SUPPLIED RECORDS>
━━━━
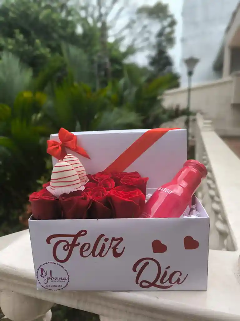 Sorprende con una impactante cajita de rosas acompañado de 2 fresas cubiertas de chocolate blanco + té delicioso
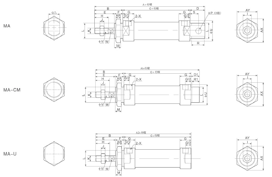 - MU系列橢圓形活塞氣缸(桿不回轉(zhuǎn))
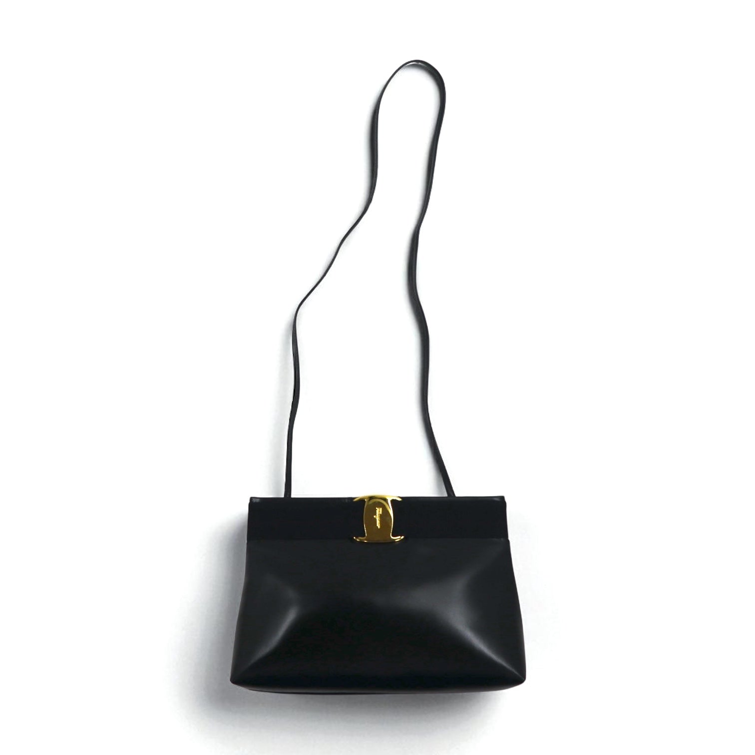 Salvatore Ferragamo 2WAY ショルダーバッグ クラッチバッグ ヴァラ リボン ブラック レザー D210588
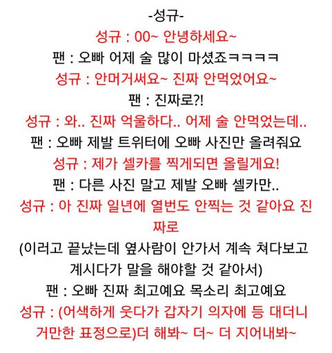첨에 공부도 쫌했다하고 학교에서 바른학생이었다니까 점점 그런이미지로 굳히더니 좀 오버하는거같고 그렇다보니까 점점 오바해서 도를 넘는거같음 예전에 라스나와서 사생들이 어짜고저쩌고 하니까 사생한테 좀 관대한 SM소속 규현이(SM은 약간 사생도팬이다 이런 의식을 가지고 있는듯함) 일부로 사생.팬 이라고 대놓고 찝어주는데도 사생들이 어쩌고 욕하는것도 선비이미지 만들려고 난리치는거같고 정작 인피니트는 사생도 몇 없으면서..
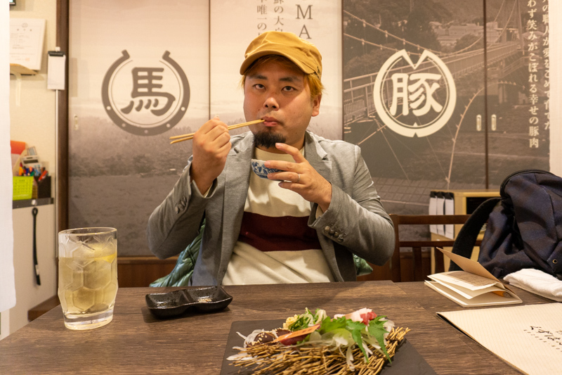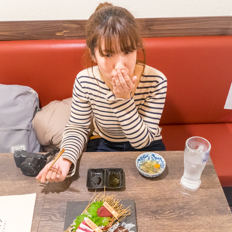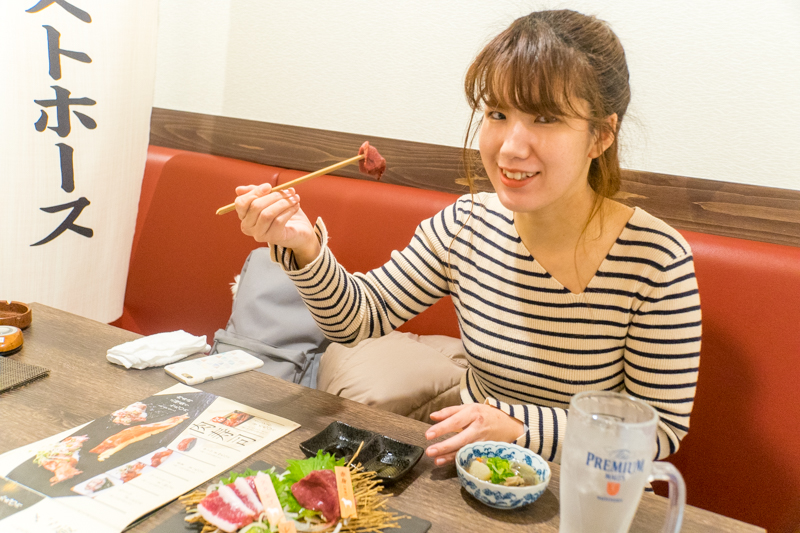 「確かに刺し身感ある食感!ビックリした、馬肉の赤身ってこんな味なんや〜!」
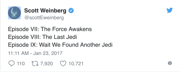 It was fanboy overload as Lucasfilm finally announced the long-awaited title for the eighth Star Wars film. "OMG they called Luke the last Jedi in the crawl for Episode VII, mind blown." Whether planned or not, the ominous title for #RianJohnson's upcoming #StarWars film seemingly spells doom for someone in the dwindling Jedi population. Cue internet trawling to decipher what on Earth the title could mean: Does it signal the demise of #LukeSkywalker, the training of Rey, or even the return of Yoda? The Last Jedi will keep us guessing right up until December 15.
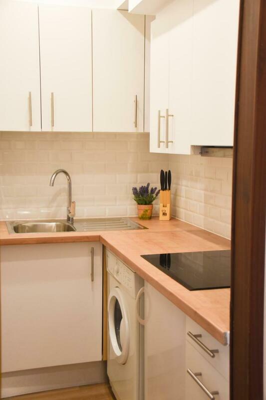 The 1-bedroom apartment features a living room with flat-screen TV, and a fully equipped kitchen with fridge. Towels and bed linen are offered in the apartment.
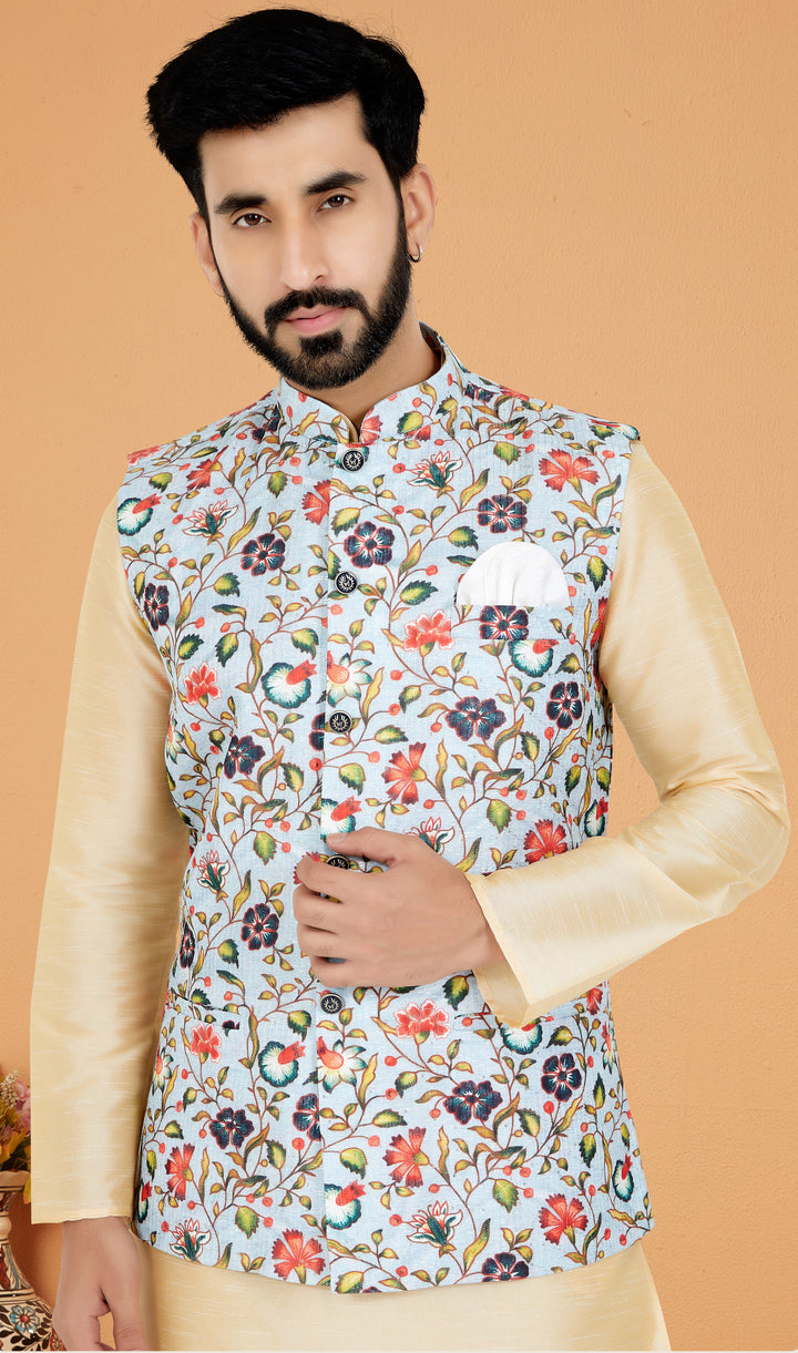 Brighten your ethnic wardrobe with this golden kurta pyjama set paired with a stunning floral embroidered waistcoat. Crafted from high-quality art silk, the kurta and pyjama offer a rich texture and shine. The white Nehru jacket bursts with vivid multicolor floral embroidery, making it a standout piece for any festive occasion.
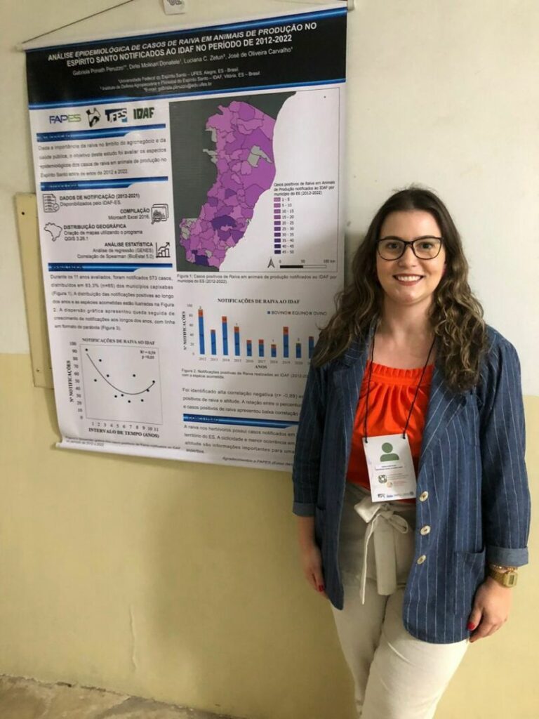 No mês de novembro, a médica-veterinária Gabriela Ponath Peruzzo, mestranda do PPGCV/Ufes, realizou a exposição do poster sobre “Análise epidemiológica de casos de raiva em animais de produção no Espírito Santo notificados ao Idaf no período de 2012-2022”, no Simpósio de Pesquisa e Extensão de Doenças Infecciosas do Programa de Pós-graduação em Doenças Infecciosas da Ufes. O trabalho ainda foi selecionado para apresentação oral e premiado com menção honrosa como destaque do evento.
━━━━
ACTIVITY>
Only the lines from the one that holds "Brighten your ethnic" through the final line of the material should be reproduced, word for word, with the pictures omitted.

REPLY TO THE TASK>
 Brighten your ethnic wardrobe with this golden kurta pyjama set paired with a stunning floral embroidered waistcoat. Crafted from high-quality art silk, the kurta and pyjama offer a rich texture and shine. The white Nehru jacket bursts with vivid multicolor floral embroidery, making it a standout piece for any festive occasion.
 No mês de novembro, a médica-veterinária Gabriela Ponath Peruzzo, mestranda do PPGCV/Ufes, realizou a exposição do poster sobre “Análise epidemiológica de casos de raiva em animais de produção no Espírito Santo notificados ao Idaf no período de 2012-2022”, no Simpósio de Pesquisa e Extensão de Doenças Infecciosas do Programa de Pós-graduação em Doenças Infecciosas da Ufes. O trabalho ainda foi selecionado para apresentação oral e premiado com menção honrosa como destaque do evento.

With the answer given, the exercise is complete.